TİPİN İSTANBUL’DAKİ PERFORMANSI İLGİNÇ DUYUYOR
14 Mayıs’ta Meclis’te çoğunluğu yani 300+1’i yakalamak da çok önemli. Özellikle İstanbul’daki Millet İttifakı cephesinde CHP milletvekili adayları DEVA, Gelecek ve Saadet Partisi adaylarını geçmeye çalışacak, rakipleri ile birlikte listenin başında yer alıyorlar. Kritik yerlerdeki adaylar garantili yerlerdeki ittifak adaylarını Ankara’ya gönderirken, İstanbul’dan onlara el sallama ihtimali de var. İstanbul’da yapılacak milletvekili seçimlerinde merak edilen bir diğer konu da Emek ve Özgürlük İttifakı çatısında kendi logosuyla seçime giren Türkiye İşçi Partisi’nin durumu. Parti lideri Erkan Baş, Kürt nüfusun da yaşadığı İstanbul’un 3. ilçesinden birinci aday.
MİLLİYETÇİLER OĞAN’I MI ERDOĞAN’I MI TERCİH EDECEK?
Vekalet cephesi ne kadar değerli olursa olsun tüm Türkiye’de olduğu gibi İstanbul’da da seçim Kılıçdaroğlu-Erdoğan eksenine yani cumhurbaşkanlığına kaymıştır. Oradaki durumu da İnce’nin adaylığından vazgeçtiğine hayıflanan genç seçmen, İstanbul seçimlerindeki kritik konumunu koruyan Kürtler ve Erdoğan’ın yöneldiğini söylediği milliyetçi seçmen belirleyecek. Cumhurbaşkanlığı adaylık oylamasında Erdoğan ve Kılıçdaroğlu’ndan başka tek aday olan Sinan Oğan, Milliyetçi Hareket Partisi üyesidir. Alacağı oy büyüklüğü ile seçimin ikinci tip olup olmayacağı ve Kılıçdaroğlu-Erdoğan arasındaki uçurumun açılıp açılmayacağı arasında doğrudan bir bağlantı var.

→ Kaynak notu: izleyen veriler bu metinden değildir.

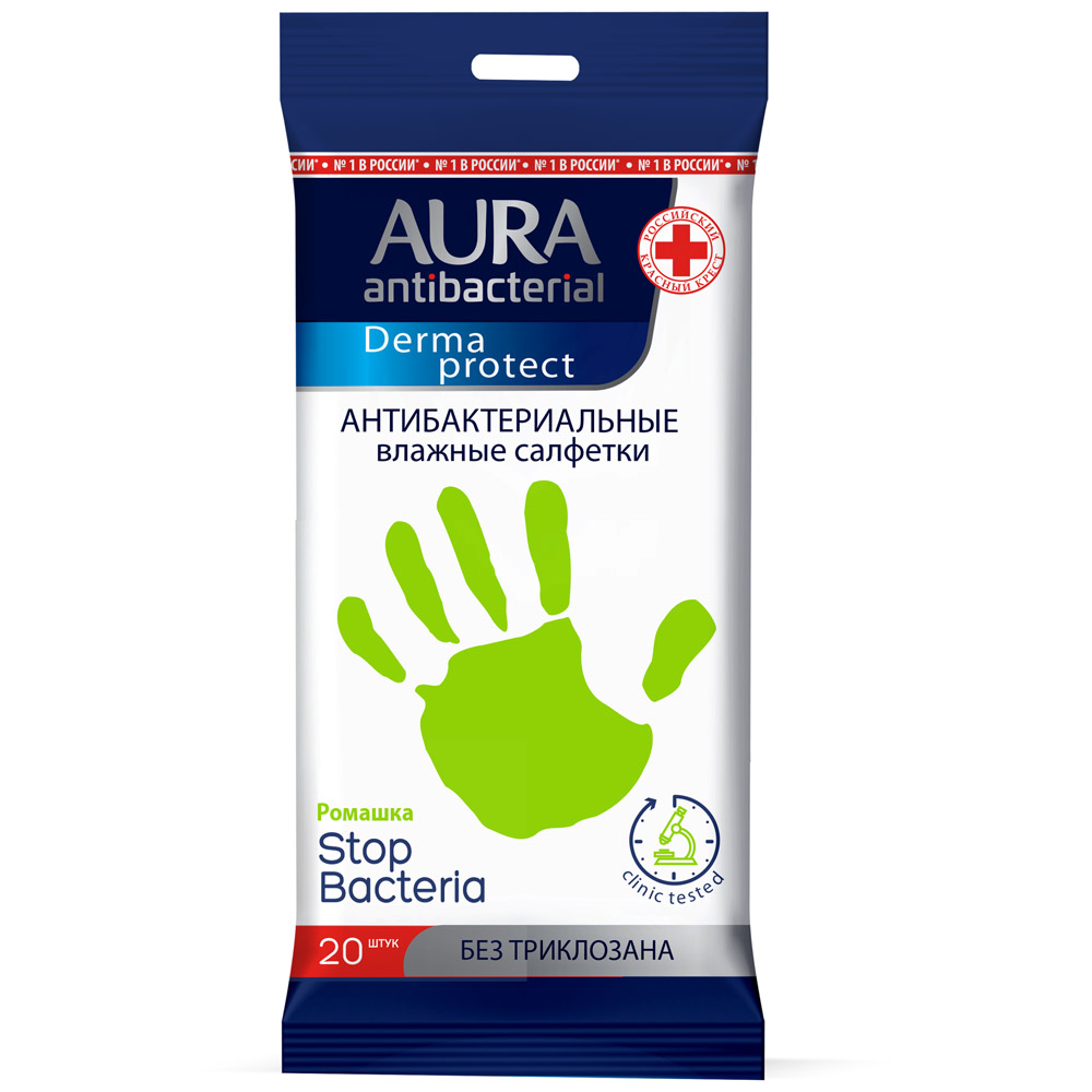 Влажные салфетки Aura Antibacterial очищающие с антибактериальным эффектом 20 штук

Milliyetçi Hareket Partisi seçmeninin cumhurbaşkanlığı seçimlerinde mutlaka Sinan Ogan’ı seçmesi durumunda, seçim İstanbul tecrübesinden dolayı istenmeyen tüylerin çokça çıkması veya yalnız kalma durumuyla sonuçlanabilir.
777 bin yeni seçmen
27. Dönem Milletvekilliği ve Cumhurbaşkanlığı Seçimleri için İstanbul’da oy kullanacak seçmen sayısı 10 milyon 573 bin 543 olarak belirlendi. 14 Mayıs’ta İstanbul’da 30 bin 803 sandık kurulacak ve 11 milyon 350 bin 969 seçmen sandık başına gidecek. Yayınlanan son verilere göre iki seçim arasındaki seçmen farkı 777 bin 428 olarak hesaplandı. İstanbul’da seçmen sayısının en az olduğu yer 13 bin 504 kişi ile Adalar oldu. En fazla seçmenin olduğu ilçe Esenyurt olarak açıklandı. Esenyurt’ta 643 bin 14 seçmen sandık başına gidecek.